▶ [WHAT TO PRODUCE]
Retype every line from the one containing "FiberLink 7142 シリーズ" through the last line of the records below, both included; leave out the pictures.

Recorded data
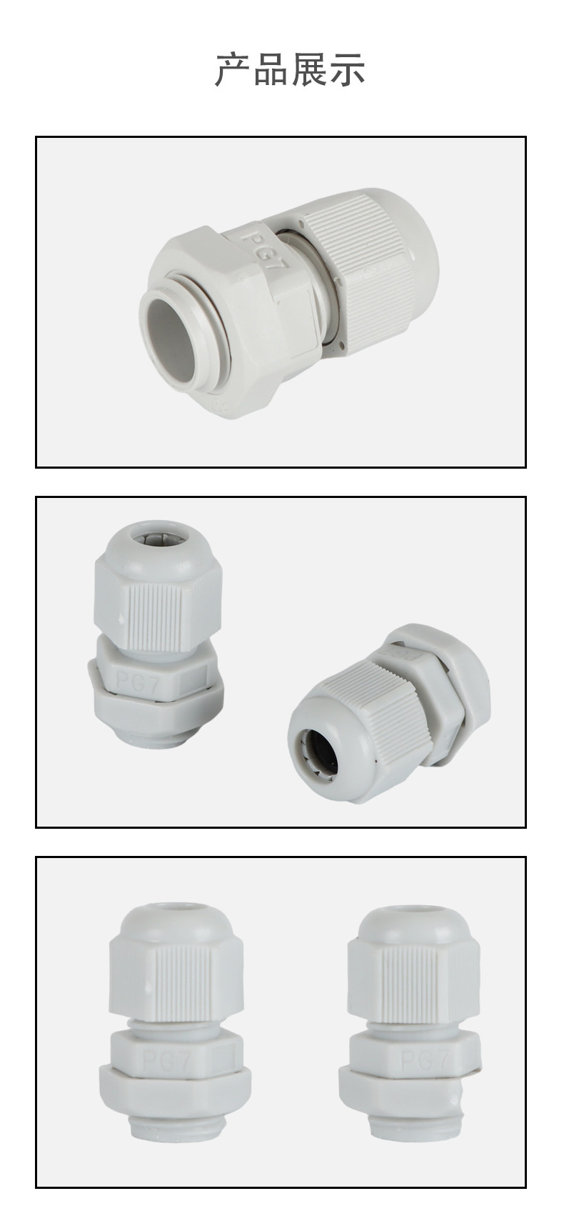 尼龍材質(zhì)適用惡劣環(huán)境紅、灰、黑、深灰、白、藍(lán) 六種顏色常規(guī):黑、灰兩種顏色,其它顏色需要定做在嚴(yán)寒與高溫等惡劣環(huán)境下,保持長(zhǎng)期不開(kāi)裂不漏水高密封性防水接頭保護(hù)電纜安全,長(zhǎng)期使用不容易滲水
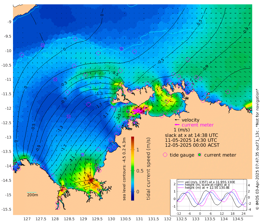 180cm/s -101T +4cm/s rms + 6cm/s 51T. Darwin_C1 52m 163cm/s -91T +4cm/s rms + 7cm/s -161T. Darwin_CW1 22m 110cm/s -106T +4cm/s rms + 8cm/s 61T. Darwin_CW2 34m 83cm/s -135T +3cm/s rms + 9cm/s 98T. Darwin_CW3 22m 177cm/s -91T +5cm/s rms + 7cm/s 88T. Darwin_C3 56m 103cm/s -115T +2cm/s rms + 9cm/s -126T. Darwin_CTbW 22m 7cm/s -160T +9cm/s rms + 2cm/s -110T. NWSLYN 196m 39cm/s -100T +1cm/s rms + 1cm/s -47T. DARBGF 30m 7cm/s 147T +7cm/s rms + 2cm/s -137T. ITFTIS 464m 5cm/s 137T +9cm/s rms + 1cm/s 74T. ITFMHB 146m 15cm/s 10T +4cm/s rms + 1cm/s -134T. ITFJBG 61m 4cm/s 86T +6cm/s rms + 4cm/s 121T. ITFFTB 108m 27cm/s -75T +4cm/s rms + 3cm/s 80T. NRSDAR 19m 28cm Carronade Island 32cm Guy Point 27cm Napier Broome Bay -99cm Lesueur Island -186cm Reveley Island -85cm Rocky Island -265cm Cape Domett -252cm Lacrosse Island -259cm Adolphus Island -177cm Pender Point -160cm Wyndham -66cm The Boxers -89cm Unnamed Shoal 6cm Loxton Shoal -284cm Pelican Island -52cm Calder Shoal -8cm Evans Shoal -314cm Quoin Island -293cm Port Keats -280cm Jones Point -268cm Catfish Island -233cm Cape Scott Offshore -234cm Cape Ford -260cm Anson Bay -28cm Goodrich Bank -235cm Peron Island North -222cm Point Jenny -220cm Native Point -245cm Fish Reef -250cm Tapa Bay -137cm Point Fawcett (Offshore) -270cm Burge Point -233cm Munkunuwa -202cm Beagle A -259cm Parsons Bank -260cm Fenton Patches -18cm Lynedoch Bank -255cm Hancox Shoal Area -277cm Nightcliff -295cm Darwin -272cm Charles Point Patches -213cm Glyde Point -160cm Chambers Bay -155cm Point Stuart -184cm Cape Hotham -145cm Christine Reef -162cm West Alligator Head -146cm East Field Island -149cm Two Hills Bay -151cm Newby Shoal -148cm Camp Point -253cm Medina Inlet South -116cm South Barlow Point -83cm St. Asaph Bay -33cm Cape Van Dieman -46cm Snake Bay -40cm Cache Point 27cm Echo Shoal -57cm Point Jahleel (Off) -104cm Cape Don -63cm Port Essington -61cm Smith Point - West -56cm NW Peacock Island -49cm North Of Jones Shoal -19cm Peacock Island -71cm Point David -62cm D'urville Point -51cm Money Shoal -72cm Copeland Island -102cm Cape Cockburn -75cm One Tree Point -84cm Hogmany Shoal -77cm New Year Island - West -77cm Grant Island -94cm Aurari Bay -99cm Cuthbert Point -92cm North Goulburn Island -110cm Paxie Shoal -113cm Entrance Island -127cm Yabooma Island
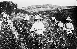 Au début du 20e siècle, l'agronome japonais Arai Kokichiro (ja) introduit la variété de théier assamica et l'acclimate, permettant ainsi la production industrielle de thé noir à destination du marché anglais[3]. En 1903, le gouvernement japonais, qui colonise Taïwan depuis 1895, fonde la station expérimentale de manufacture du thé, devenue depuis la station de recherche et de développement sur le thé ; celle-ci formalise plusieurs centaines de cultivars dont douze cultivars principaux et marque durablement le thé à Taïwan, orienté, comme au Japon, par une classification par cépage et non pas par terroir, comme en Chine continentale[3]. La colonisation japonaise oriente la production de l'île vers l'exportation du thé vert en plus du thé noir[2]. En 1908 commence l'exportation de thé noir vers la Turquie et la Russie ; en 1934, le thé noir est celui le plus majoritairement exporté de l'île, avec plus de 3 000 tonnes[1].
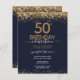 Elegant Faux gold glitter with shimmering confetti highlights on the top and bottom border. All text is adjustable and easy to change for your own party needs. Great elegant 50th birthday template design.
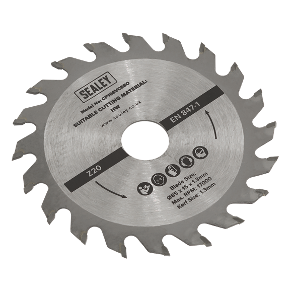 Tungsten carbide tipped (TCT) saw blades with hardened steel teeth. Suitable for circular saws such as Model No. CP108VCSBO. Size/Bore: Ø85 x 1.3mm/Ø15mm. Will fit compatible Sealey models and other brands of circular saw.
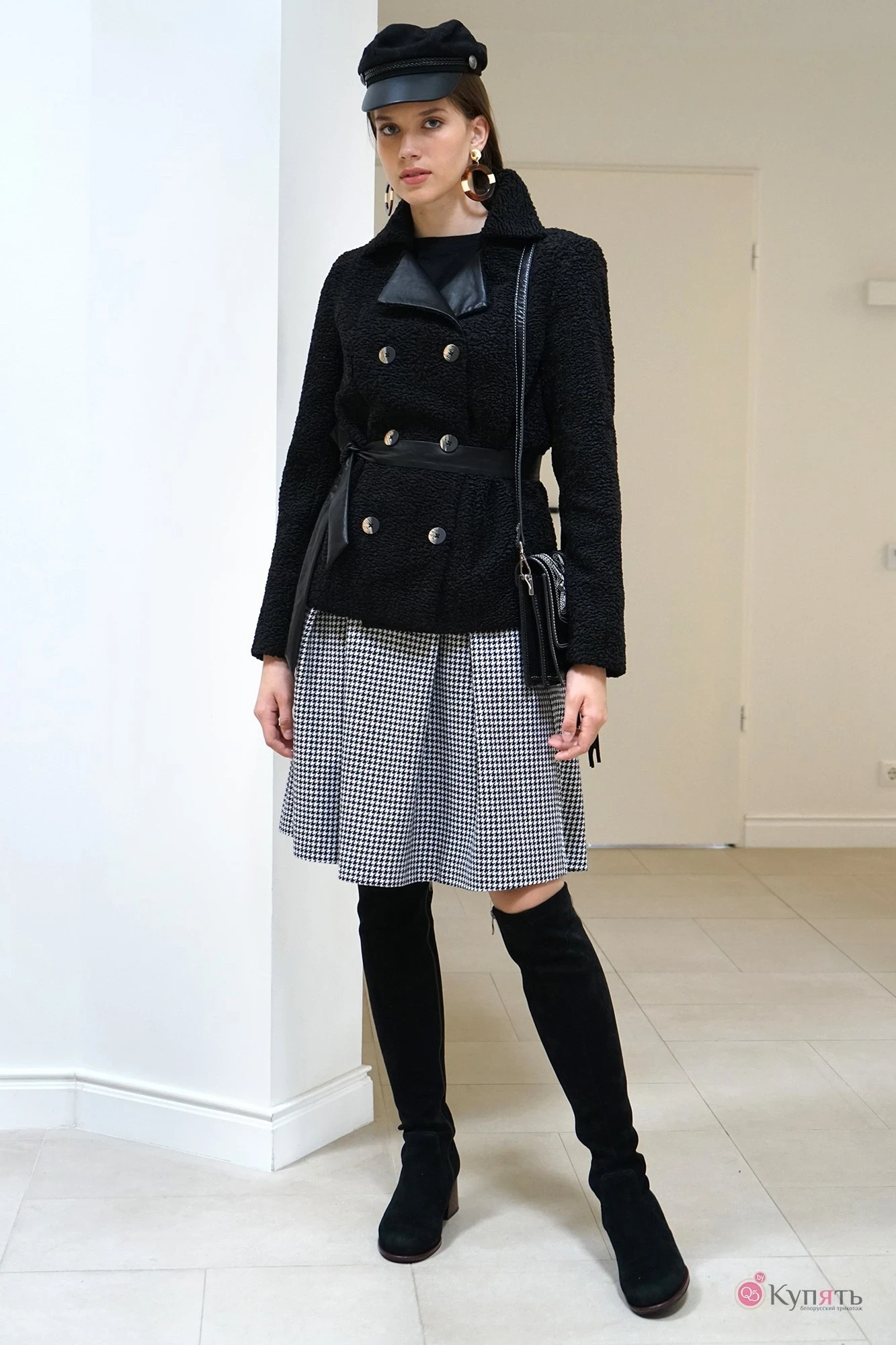 44,46,48,50Юбка из тепленького костюмного полотна на притачном поясе. Переднее и заднее полотнище с двумя мягкими, встречными складками. Заднее полотнище со средним швом, в котором застежка на потайную тесьму-молнию. Юбка без подкладки, в боковых швах карманы.
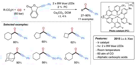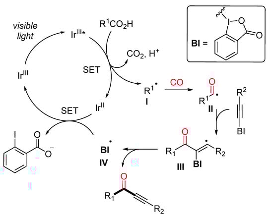 Ynones represent an important motif present in bioactive compounds and are useful intermediates in the synthesis of heterocycles []. Alternative to the previously described Ryu’s method [], Lu and Xiao et al. have recently developed an efficient protocol for the synthesis of ynones through a visible-light-induced photocatalytic decarboxylative carbonylative alkynylation of carboxylic acids in the presence of carbon monoxide (CO) at room temperature []. The decarboxylative alkynylation reaction was carried out using ethynylbenziodoxolones (EBX) as the alkynylating agent, carboxylic acid, in the presence of Ir[dF(CF3)ppy]2(dtbbpy)PF6 as a photocatalyst and Cs2CO3 as a base (Scheme 26). A range of aliphatic carboxylic acids gave the corresponding ynones in good to excellent yields under mild conditions but extremely high pressure of CO. Mechanistically, it is proposed that the excited photocatalyst Ir(III)*, generated from Ir(III) under visible-light irradiation, is able to oxidize the substrate with the formation of an alkyl radical I (Scheme 27). Then, the latter, after CO insertion, gives rise to an acyl radical II, which undergoes radical addition to the alkylating agent affording the radical intermediate III. The subsequent radical elimination reaction yields the desired ynone and the benziodoxolonyl radical IV. Finally, radical IV is reduced to ortho-iodobenzoate by Ir(II), which, in turn, is oxidized to Ir(III) for a new catalytic cycle.
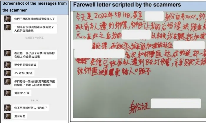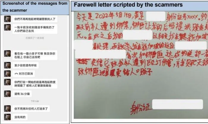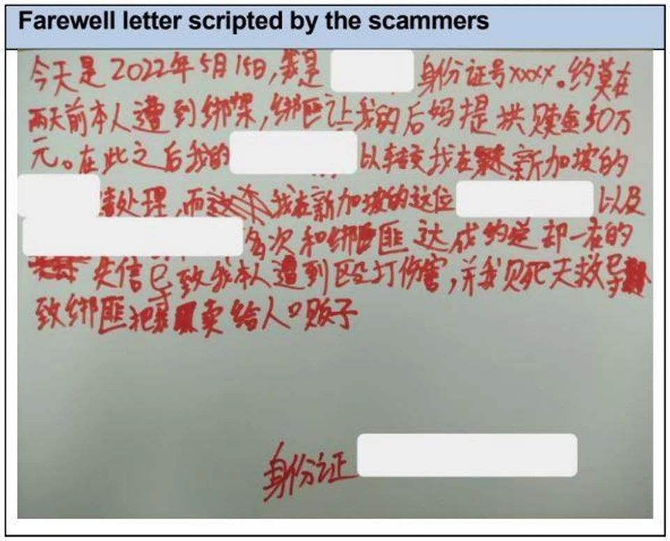 The scammers also made Peter write a scripted farewell letter where he wrote that he would be sold to human traffickers if the ransom was not paid.
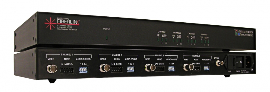 FiberLink 7142 シリーズ は、4チャンネルの非圧縮ビデオ信号と、8チャンネルの独立音声チャンネルを、 1心マルチモードまたはシングルモード光ファイバーケーブルで、850nm、1310nm、1550 nm のいずれかの波長でデジタル伝送します。映像チャンネルはNTSC、PAL、SECAM標準に対応します。
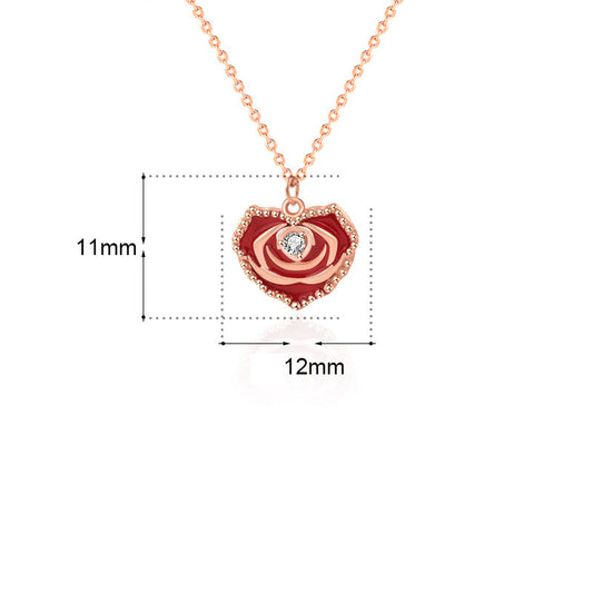 Beautiful Red Rose Flower Heart CZ 925 Sterling Silver Necklace
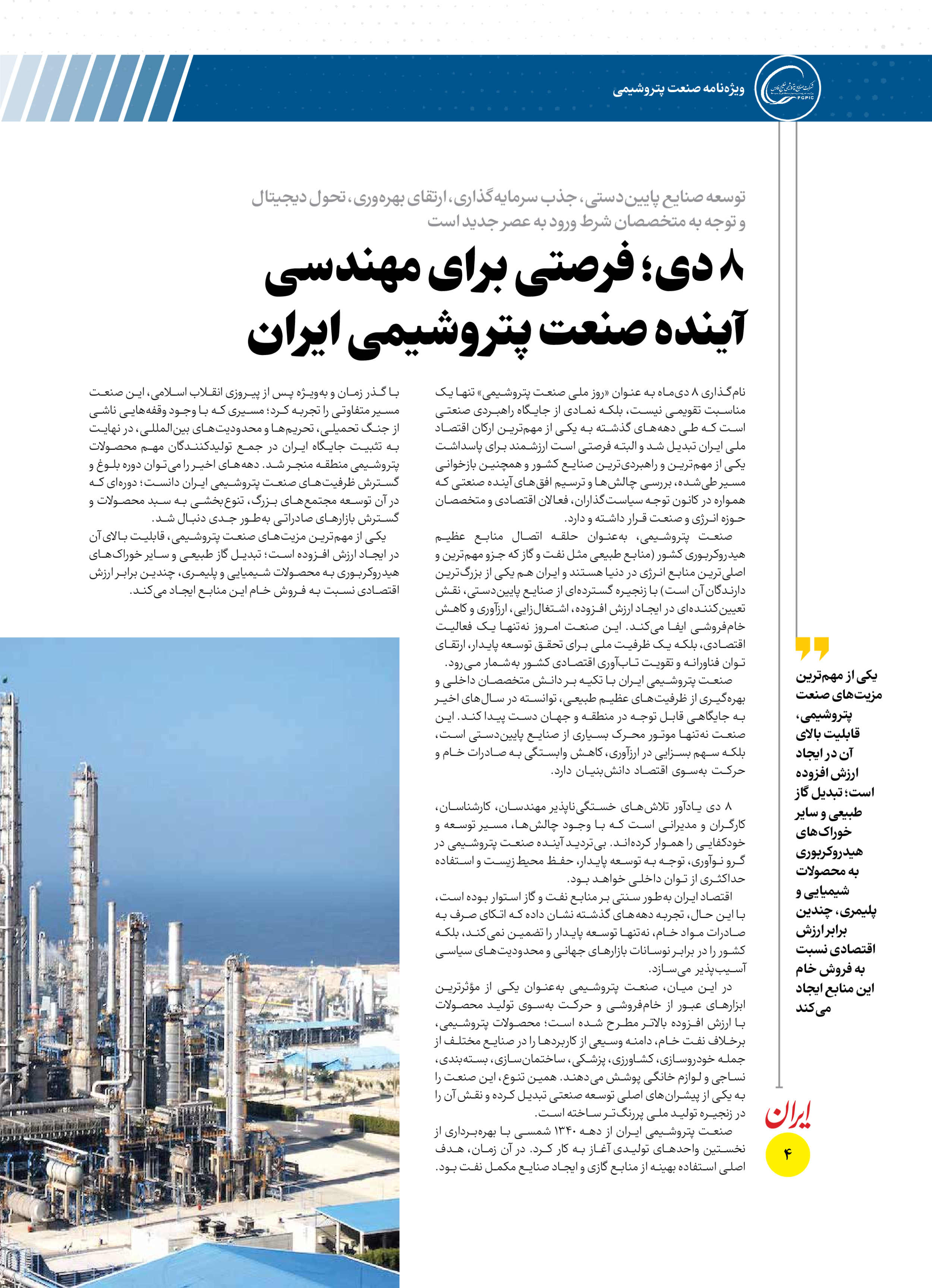 • ۸ دی؛ فرصتی برای مهندسی آینده صنعت پتروشیمی ایران

▶ [EXERCISE RESPONSE]
 FiberLink 7142 シリーズ は、4チャンネルの非圧縮ビデオ信号と、8チャンネルの独立音声チャンネルを、 1心マルチモードまたはシングルモード光ファイバーケーブルで、850nm、1310nm、1550 nm のいずれかの波長でデジタル伝送します。映像チャンネルはNTSC、PAL、SECAM標準に対応します。
 Beautiful Red Rose Flower Heart CZ 925 Sterling Silver Necklace
 • ۸ دی؛ فرصتی برای مهندسی آینده صنعت پتروشیمی ایران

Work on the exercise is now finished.